By Feb. 1, the average American had already given up their well-intentioned New Year’s resolution. According to one study, we most often fall off the wagon because we lack the self-discipline to stay on track (per our own assessment), are too/busy or hectic to keep up with a new routine, or have crumbled under social pressure.
But it’s certainly not too late to resolve to make a change this year: We’ve identified five healthcare benefits resolutions that are both helpful and achievable and can make a world of difference in the health of your financial future.
- Max out your HSA
The average individual contributes $1,546 to their health savings account (HSA). Even if your employer contributes $648 (the average employer contribution, per Devenir), your account is likely still short of what the IRS allows for HSA individual contributions each year (the 2020 HSA limits are $3,550 for individuals and $7,100 for family). If you’re able to contribute more to your HSA, it makes financial sense to do so. These accounts are individually owned, and all funds carry over from year to year. That makes HSAs valuable as both a spending and a savings tool. And, with an HSA, you can adjust your contributions at any time during your plan year.
- Invest your HSA funds
Would you let your 401(k) funds go uninvested? Of course not! Though HSA investment balances are growing, the majority of HSA participants do not invest their HSA funds, even though history shows that the expected rate of return on mutual fund investments is much higher than an HSA’s standard interest rate. As a result, an HSA now rivals a 401(k) and an IRA for its investment and retirement-planning potential. If you’re among the 61 percent of Americans who feel investing is “scary or intimidating,” this is a good year to begin getting comfortable with it.
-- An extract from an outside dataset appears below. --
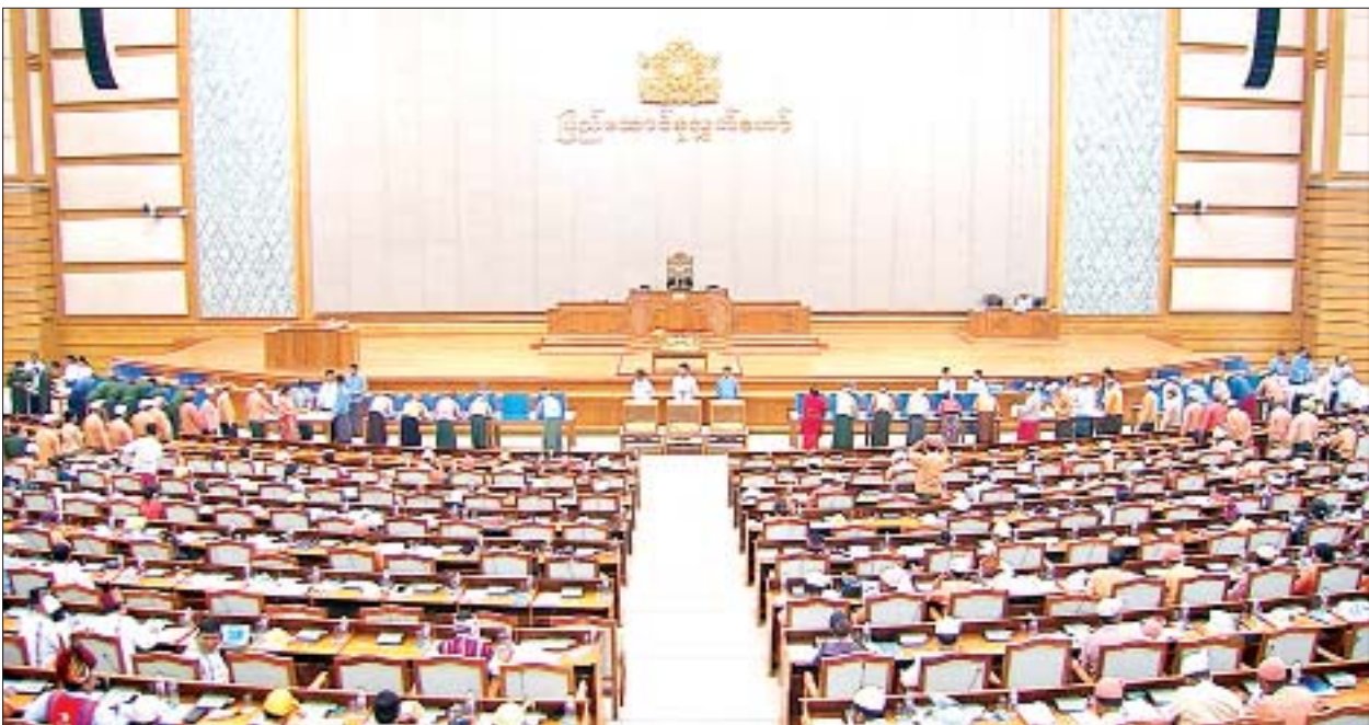
ဒုတိယအကြိမ် ပြည်ထောင်စုလွှတ်တော် (၁၅)ကြိမ်မြောက် ပုံမှန်အစည်းအဝေး (၂၅)ရက်မြောက်နေ့တွင် ပြည်ထောင်စုလွှတ်တော်ကိုယ်စားလှယ်များ လျှို့ဝှက်ဆန္ဒပြုခြင်း နည်းလမ်းဖြင့် ဆန္ဒမဲပေးကြစဉ်။

ဖွဲ့စည်းပုံအခြေခံဥပဒေကို ဒုတိယအကြိမ် ပြင်ဆင်သည့် ဥပဒေမူကြမ်းများပါ ဖွဲ့စည်းပုံ အခြေခံဥပဒေပုဒ်မ ၄၃၆ ပုဒ်မခွဲ(ခ)တွင် အကျုံးဝင်သော ပုဒ်မ၊ ပုဒ်မခွဲ ၁၉ ခုကို စုစည်းထားသည့် ဆန္ဒမဲလက်မှတ်(၃)နှင့်စပ်လျဉ်း၍ လွှတ်တော်၏ အဆုံးအဖြတ်ရယူ

- Take advantage of employer HSA and 401(k) matches
Does your employer offer a match of your 401(k) and/or HSA contributions each year? Most employers match a percentage of 401(k) contributions, while two-thirds of employers contribute money to employees’ HSAs or health reimbursement arrangements (HRAs). At the very least, consider contributing enough to your 401(k) and HSA or HRA to collect the employer matches on those accounts, since that’s basically free money you can use for your healthcare and/or retirement-planning needs.
- Spend down your FSA funds
If you participate in a flexible spending account (FSA) that aligns with the calendar year, then Dec. 31 was the last day of your plan year. However, many FSAs have a grace period, which can give you up to an additional 2.5 months after a plan year ends to incur expenses. Since FSAs are a use-or-lose account, you should resolve to take a look at your FSA balance, see when your plan year ends and spend down your FSA balance before your plan year expires.
- Get education about your benefits
A lack of understanding in the differences between employee benefits offerings is often a big participation barrier. For example, a recent report found that half of employees surveyed needed help making sense of health jargon. And 50 percent also said they had trouble understanding the differences between all of the health spending accounts.